As a matter of course Spode went equipped with screwdriver and malleable wire and a small variety of burglar’s tools, not excluding a few celluloid credit cards which were enough to break into most homes in five seconds. Sometimes it was necessary to open a door chain with a thumbtack and a rubber band and sometimes a lock actually had to be picked, but usually that was the extent of the difficulty. But in Trumble’s case the burglar alarm was connected to every door and to strips of metallic tape around every windowpane. Undoubtedly there was some kind of auxiliary battery system indoors so that if the house current were cut off the auxiliary would take over immediately. In the past Spode had overcome such systems by going in with a glass cutter—making a hole in the center of a window rather than at the edges where he would interrupt the alarm tape. But here he couldn’t afford to leave evidence that he had broken in.
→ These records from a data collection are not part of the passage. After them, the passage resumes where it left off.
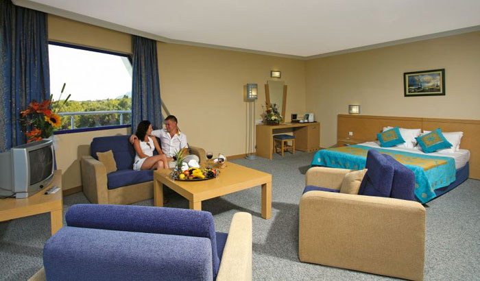 Corner Suite (36 кв. м) – двуспальные кровати, спутниковое ТВ, ТВ диагональю 51см, прямой телефон, мини-бар, центральный кондиционер (горячий/холодный), ковровое покрытие полов, ванная комната с ванной, санузел, фен, сейф. Номера с прямым видом на море и с балконом. В номерах может проживать минимум 3 взрослых, максимум 4 взрослых.
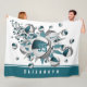 Esta manta de pulpa con temática de baloncesto de chica fresco presenta una "explosión" de baloncesto verde azulado, gris y blanco de diferentes tamaños y formas estrella grises y verde azuladas - la estrella verde azulada tiene un patrón minúsculo de puntos de polka blancos - personalizar con el nombre del jugador y número de camiseta - la banda de color verde azulada en el borde inferior es personalizable - katz_d_zynes
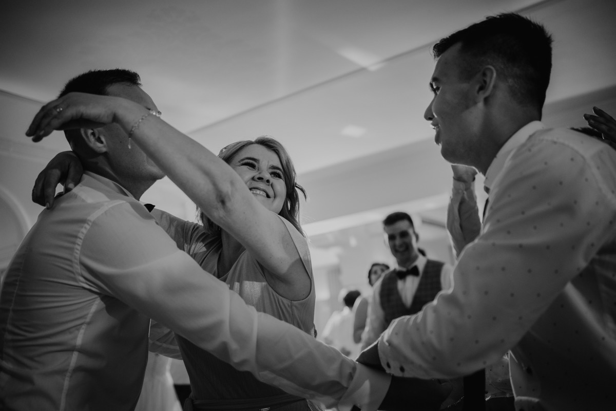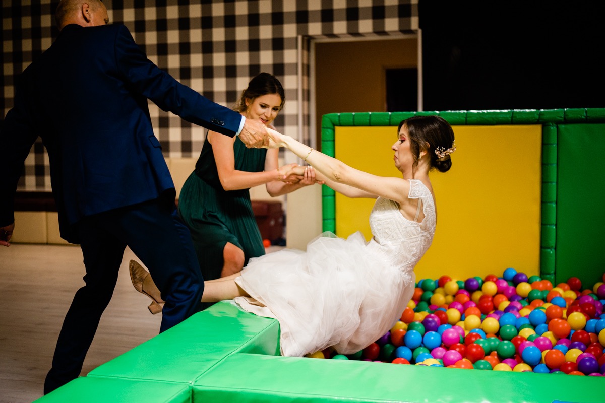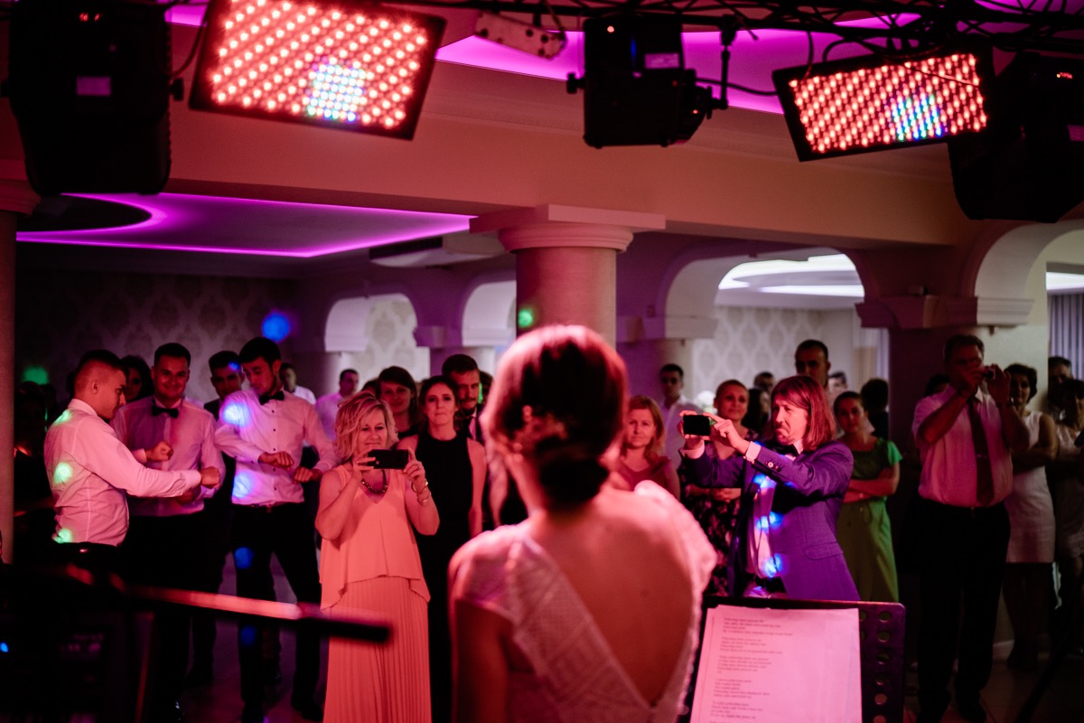 Ta odbyła się w Hotelu Antoni w Tomaszowie Lubelskim. Przy muzyce zespołu Quantes. O wystrój i klimat zadbały FZ – dekoracje ślubne, a słodkości dostarczyła ulubiona Ciastkarnia Paluszyński. Jaka była zabawa weselna? Koncertowa! Metaforycznie i dosłownie. Dzikie pląsy, których jeden staw skokowy nie wytrzymał 🙁 Nurkowanie Ani w basenie – z dwóch możliwych na szczęście dla sukni wybrała ten z kulkami 🙂 i Ważny rodzinny koncert z Panna Młodą jako wokalistką na czele. I wreszcie nie przedłużając… zapraszam do oglądania 🙂
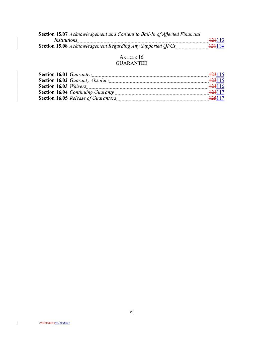 Section 15.07 Acknowledgement and Consent to Bail-In of Affected Financial Institutions 121113 Section 15.08 Acknowledgement Regarding Any Supported QFCs 121114 ARTICLE 16 GUARANTEE Section 16.01 Guarantee 123115 Section 16.02 Guaranty Absolute 123115 Section 16.03 Waivers 124116 Section 16.04 Continuing Guaranty 124117 Section 16.05 Release of Guarantors 125117 vi #98230960v198230960v7
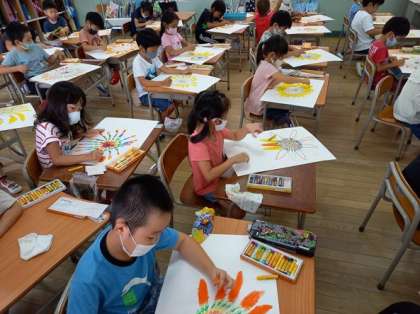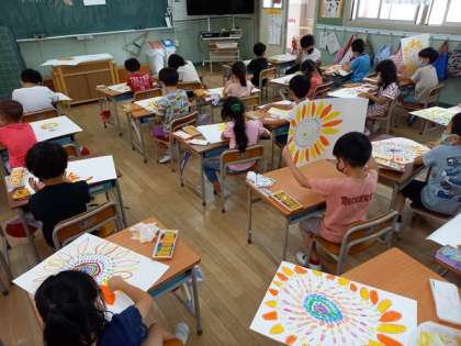 1年生は図画工作の時間に「ひまわり」の絵を描いています。
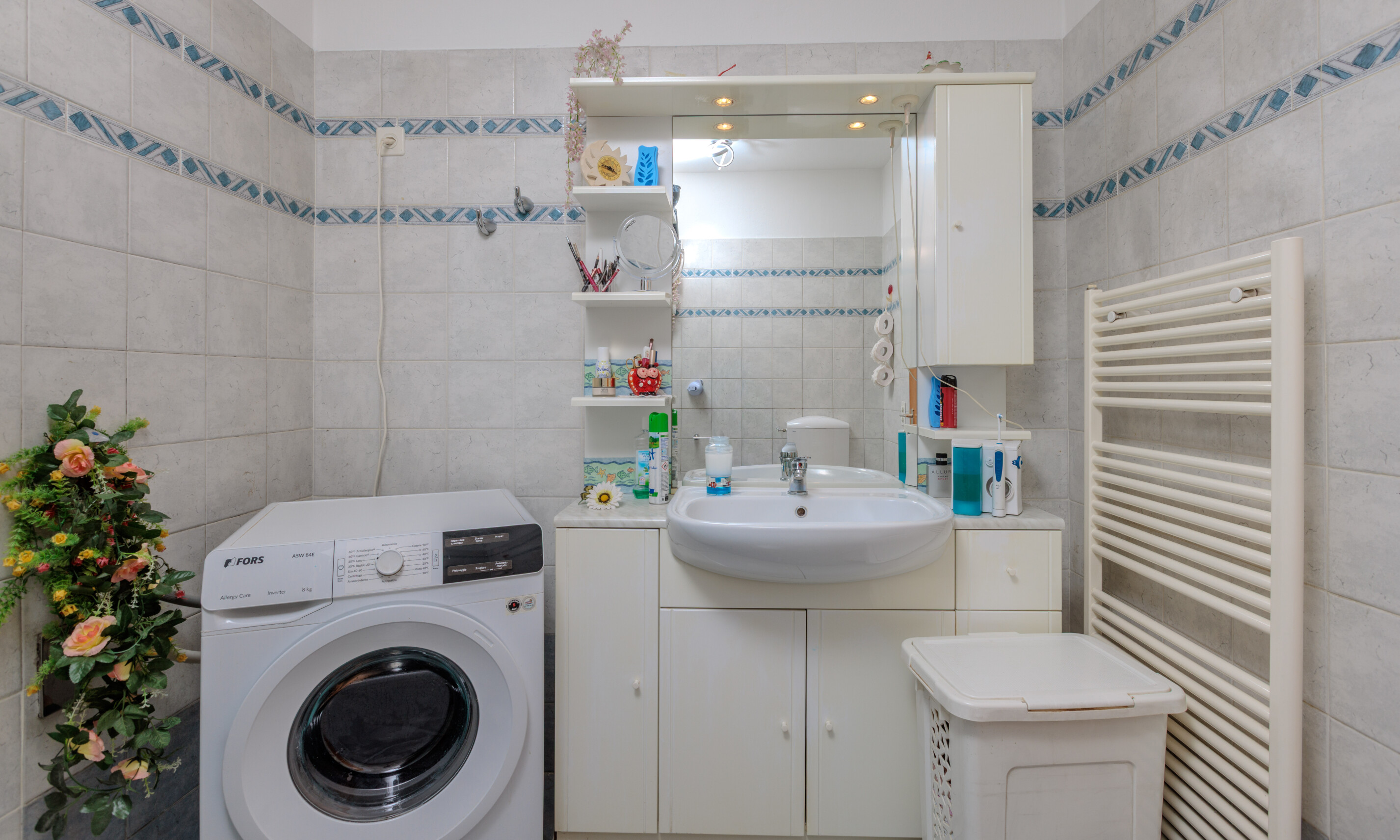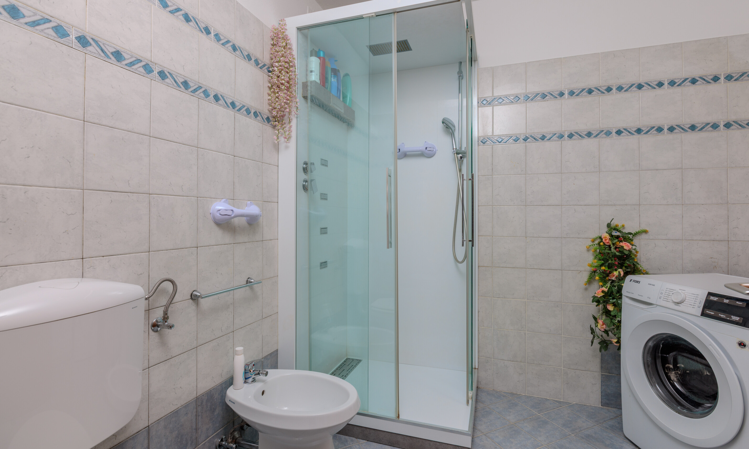 La zona notte, ben separata dalla zona giorno, comprende una camera matrimoniale e due camere singole, servite da un bagno completo di sanitari, doccia e predisposizione per la lavatrice.
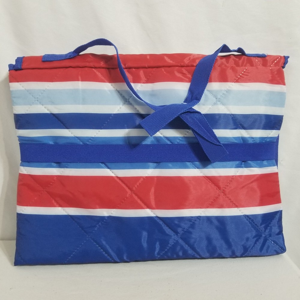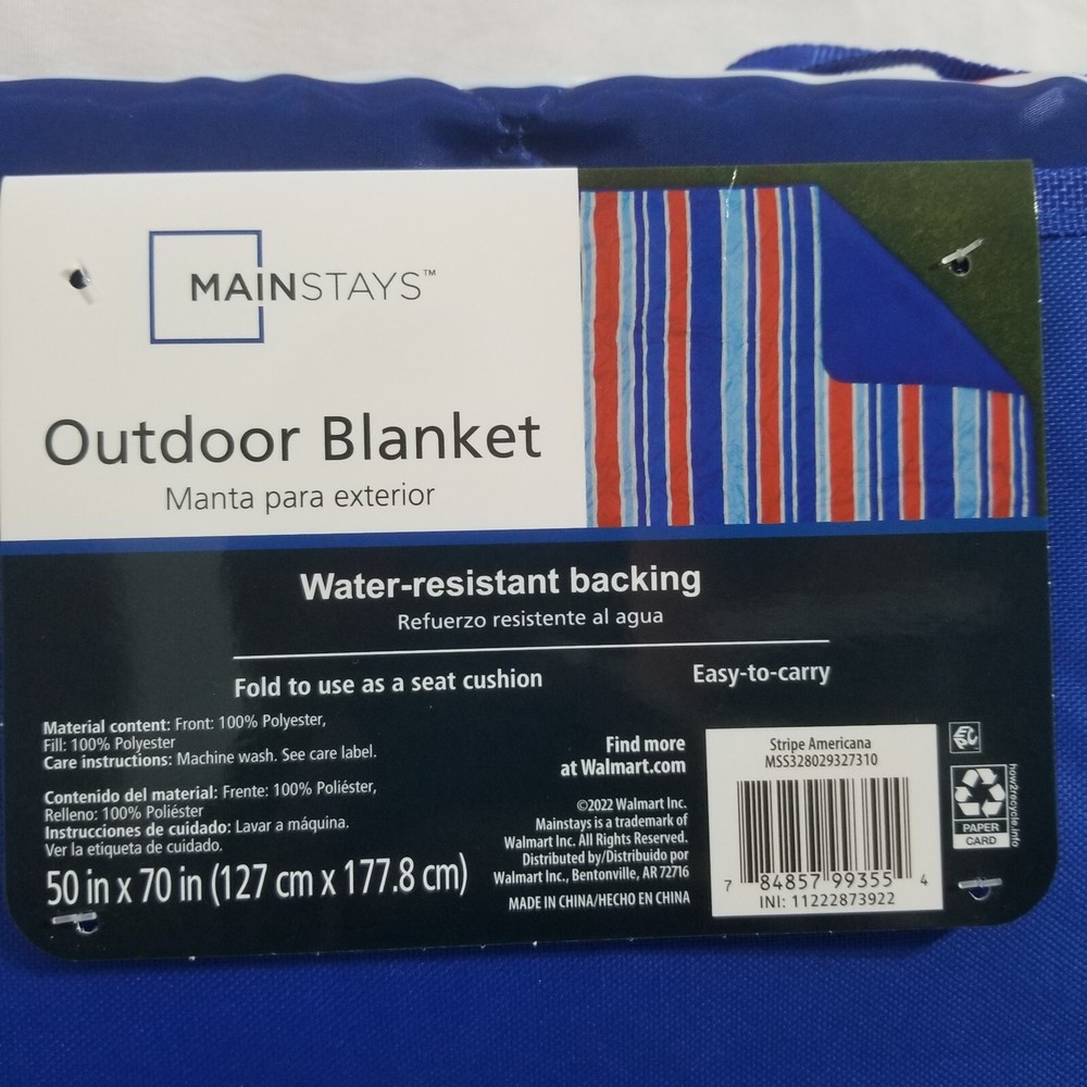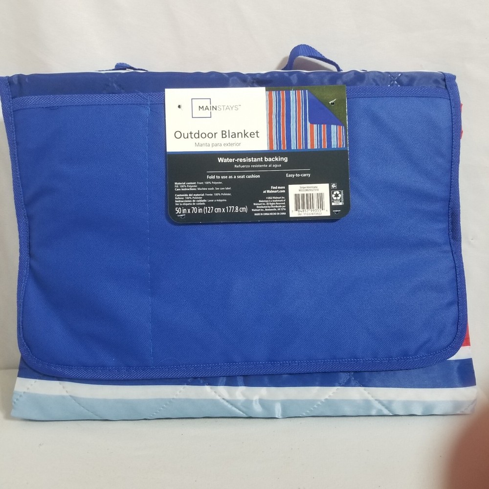 This Mainstays Outdoor Blanket in a patriotic red, white, and blue striped pattern is perfect for picnics, beach outings, or sports activities. Made of durable polyester material, it features a convenient carry strap for easy transportation and storage. With a generous size of 50” x 70”, this modern-style blanket is water-resistant at the bottom and can be machine washed for easy cleaning. Enjoy the comfort and style of this versatile outdoor blanket for all your backyard adventures.
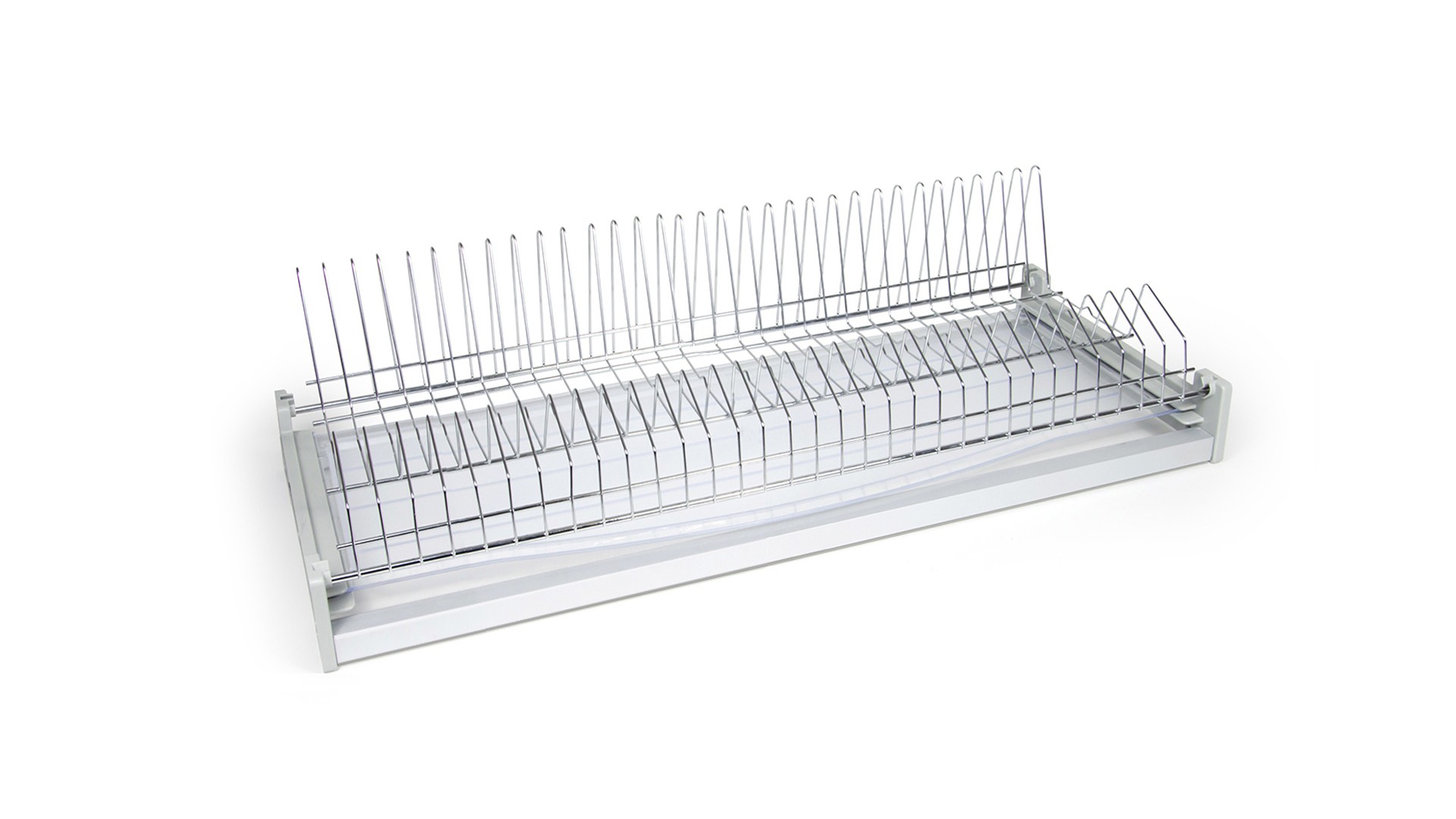 Особая форма прутков нижнего уровня позволяет по-настоящему удобно расположить в пространстве сушки большое количество посуды любого диаметра – от крошечных кофейных блюдец до габаритных сервировочных тарелок. При этом необязательно размещать посуду по центру, удобно ставить её и в дальние, и в ближние сектора сушки.
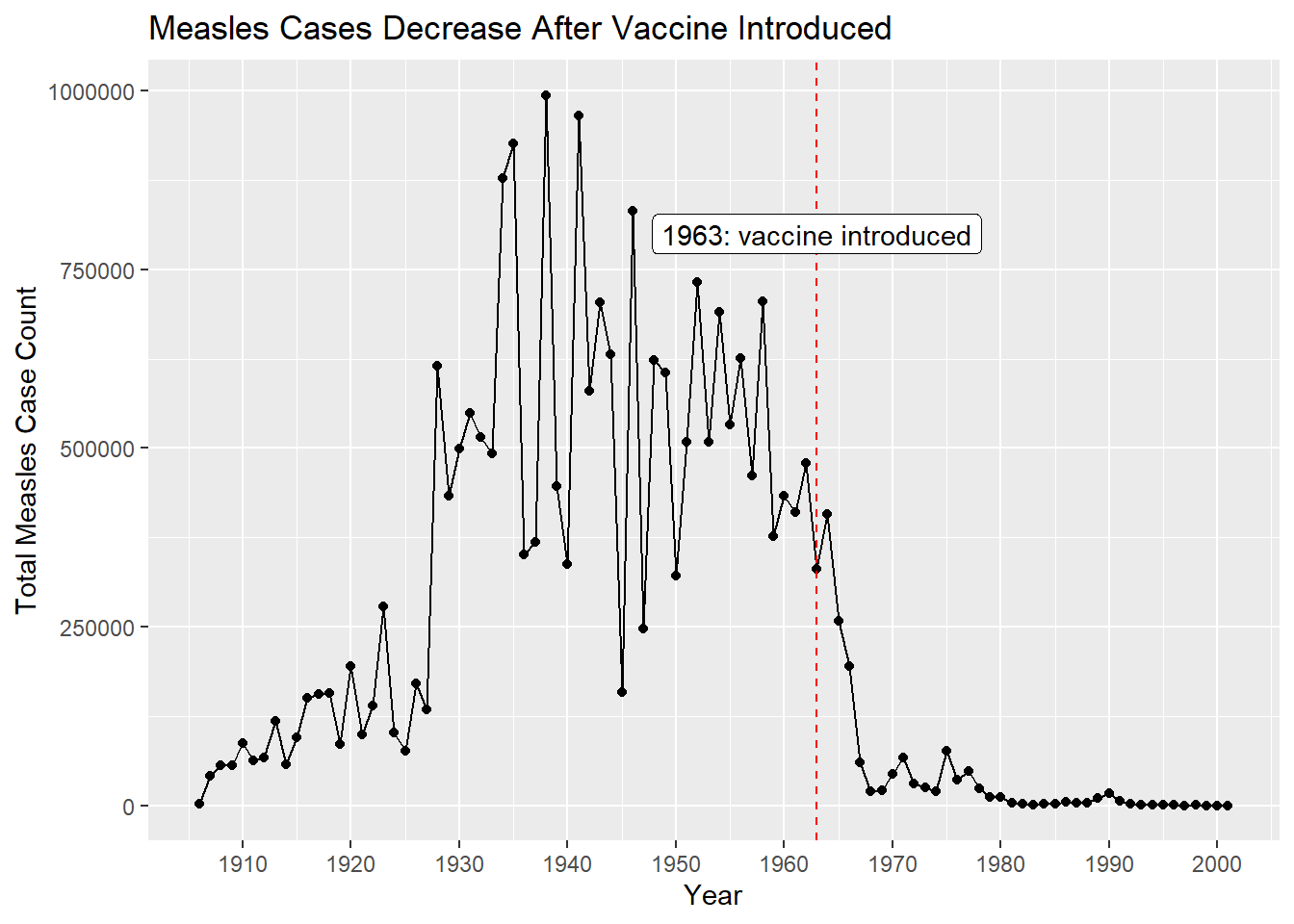 Throughout this lesson, we will be using a dataset from Project Tycho featuring historical counts of measles cases in the U.S.. We want to clean and present this data in a way that makes it easy to see how measles cases fluctuated over time.

There was still a way. But it had been tedious. Like most ranch-style houses in Tucson, Trumble’s had a slightly peaked roof shingled with asbestos. The low attic contained ceiling insulation and aluminum ductwork systems that fed air-conditioned and heated air into wall vents in all the rooms. The ducts were less than a foot square in cross-section but the attics through which they ran had to be designed big enough for servicemen to crawl in alongside the ducts. There was a large metal grating at one end of the house under the eaved roofpeak, giving access to the electric exhaust fan that ventilated the attic space, and at the other end was another grating which provided a place for air to come in so it could circulate through the exhaust fan. Spode had tackled the second grating. He had had Jill’s help; she had stood on his shoulders and unscrewed the grating and then jumped down and given him a boost. He had crawled in, twisting his shoulders to fit through, and found himself buried in an itching mess of excelsior-style insulation. He’d found the service crawlway and climbed up on it and spent quite a while picking insulation out of his hair and clothes because he couldn’t very well leave a spoor of the stuff all over the house. Then he’d crawled from rafter to rafter with the pencil flashlight and eventually found the plywood trapdoor that gave access to the house below. He’d spent a good while examining it for magnetic leads but so far as he could tell it wasn’t wired. It was sunk in the ceiling of a clothes closet. When he opened it he climbed down onto the hat shelf and then dropped to the floor through a thick row of Trumble’s jackets and coats; the closet had the vaguely decaying smell of dried sweat.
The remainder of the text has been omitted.